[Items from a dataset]

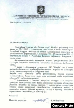 У мінулым годзе клюб ад імя намесьніка генэральнага дырэктара Ю. Крывадубскага паведамляў, што «кіраўніцтва ФК „Мінск“ плянуе ў наступным годзе ажыцьцявіць некаторыя прапановы» наконт выкарыстаньня беларускай мовы.
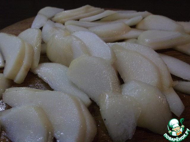 Груши чистим, разрезаем на четвертинки, удаляем семена и разрезаем поперёк пластинами толщиной 3 мм.
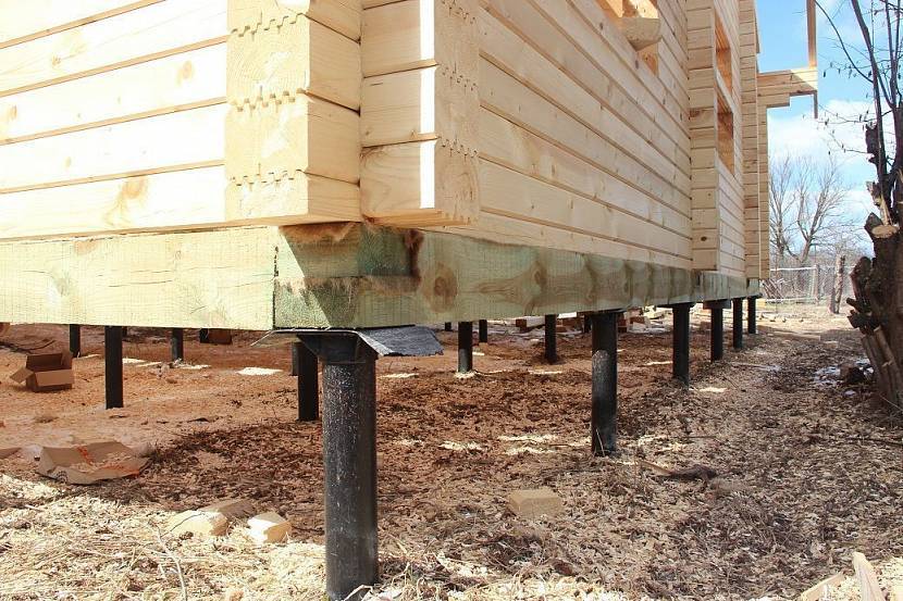 Перед тем, как начать устанавливать сваи, нужно выполнить так называемую обвязку (армирование). Его суть заключается в том, что выкладывается основание (подойдут рельсы), соединяются воедино и на них выкладывается патрубок из дерева (первый венец крепиться именно к обвязке).
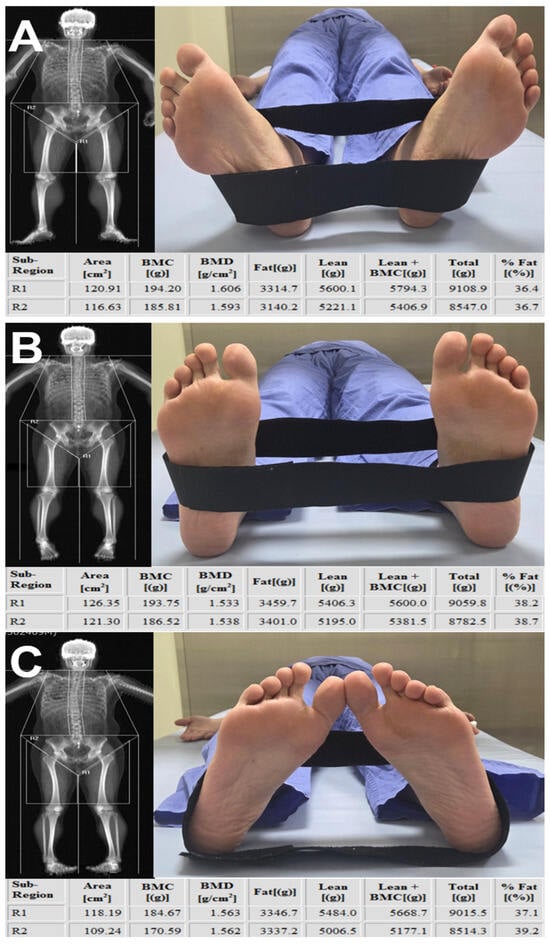 Effect of lower-limb rotation on DEXA-derived measurements. In the same patient, DEXA scans were obtained consecutively on the same day without an interval while the lower limb was positioned in (A) external rotation, (B) neutral alignment, and (C) internal rotation. The comparison demonstrates that DEXA-derived values within the segmented thigh region change substantially with limb rotation. R1 indicates left thigh segmentation, and R2 indicates right thigh segmentation on DEXA imaging.
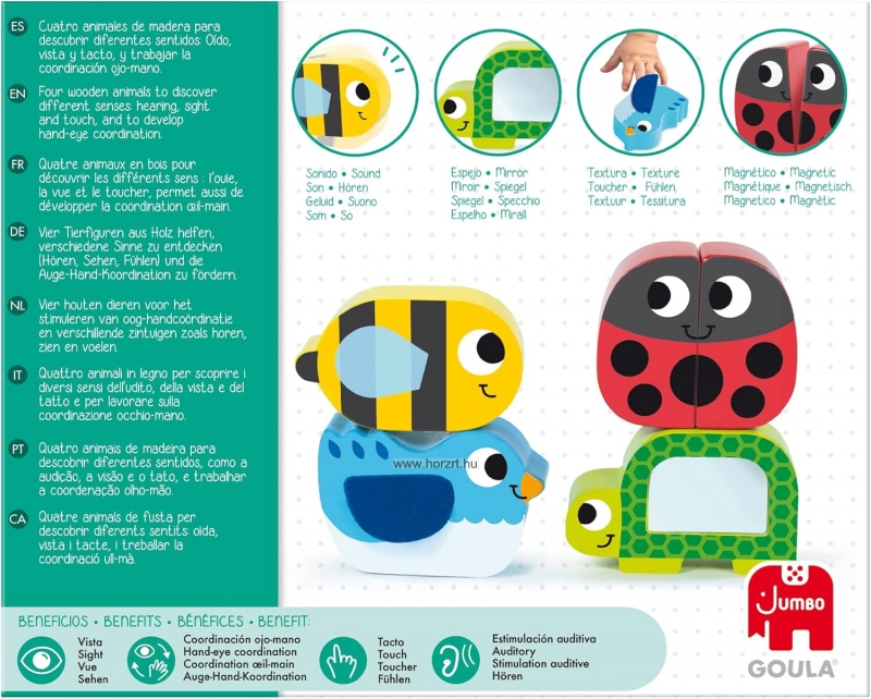 Szórakoztató és tanulságos játék, amely segít a legkisebbeknek felfedezni a körülöttük lévő világot.
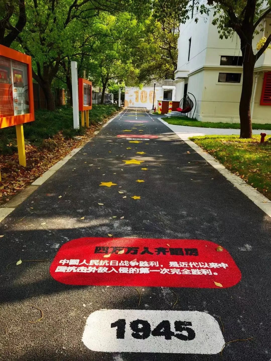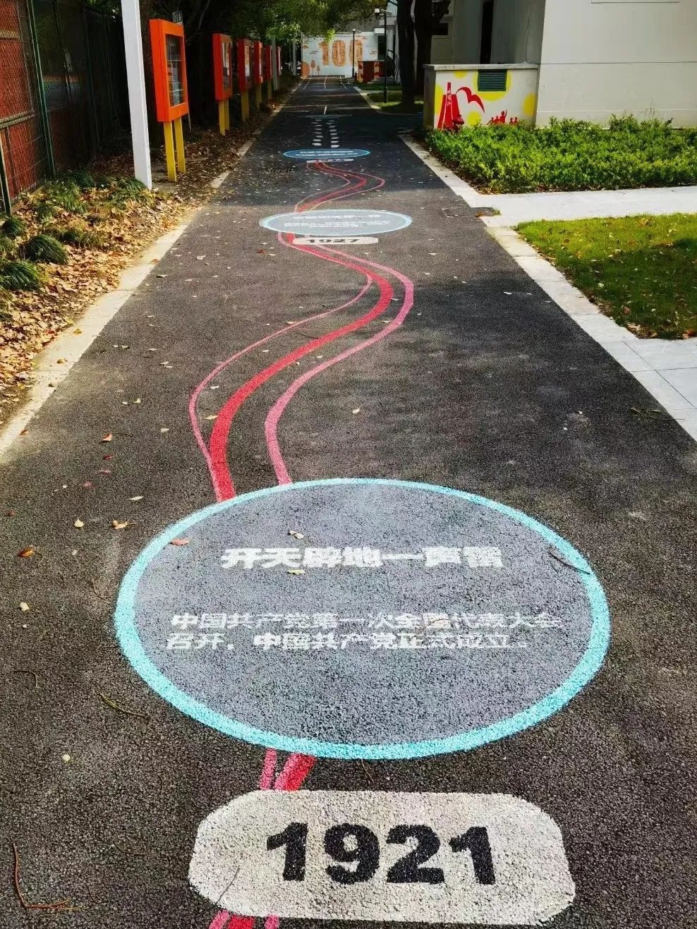 走进上海师大东部校区,有一条充满活力的散步道格外吸睛。百米步道上,不仅用彩绘展示了建党百年的伟大历程,还在终点集中描绘了中国共产党人精神谱系的伟大精神,令人难忘。

[What to produce]
Exactly the lines from the one holding "Груши чистим, разрезаем" through the last line of the entries, both included, are to be duplicated; leave the pictures out.

[Output below]
 Груши чистим, разрезаем на четвертинки, удаляем семена и разрезаем поперёк пластинами толщиной 3 мм.
 Перед тем, как начать устанавливать сваи, нужно выполнить так называемую обвязку (армирование). Его суть заключается в том, что выкладывается основание (подойдут рельсы), соединяются воедино и на них выкладывается патрубок из дерева (первый венец крепиться именно к обвязке).
 Effect of lower-limb rotation on DEXA-derived measurements. In the same patient, DEXA scans were obtained consecutively on the same day without an interval while the lower limb was positioned in (A) external rotation, (B) neutral alignment, and (C) internal rotation. The comparison demonstrates that DEXA-derived values within the segmented thigh region change substantially with limb rotation. R1 indicates left thigh segmentation, and R2 indicates right thigh segmentation on DEXA imaging.
 Szórakoztató és tanulságos játék, amely segít a legkisebbeknek felfedezni a körülöttük lévő világot.
 走进上海师大东部校区,有一条充满活力的散步道格外吸睛。百米步道上,不仅用彩绘展示了建党百年的伟大历程,还在终点集中描绘了中国共产党人精神谱系的伟大精神,令人难忘。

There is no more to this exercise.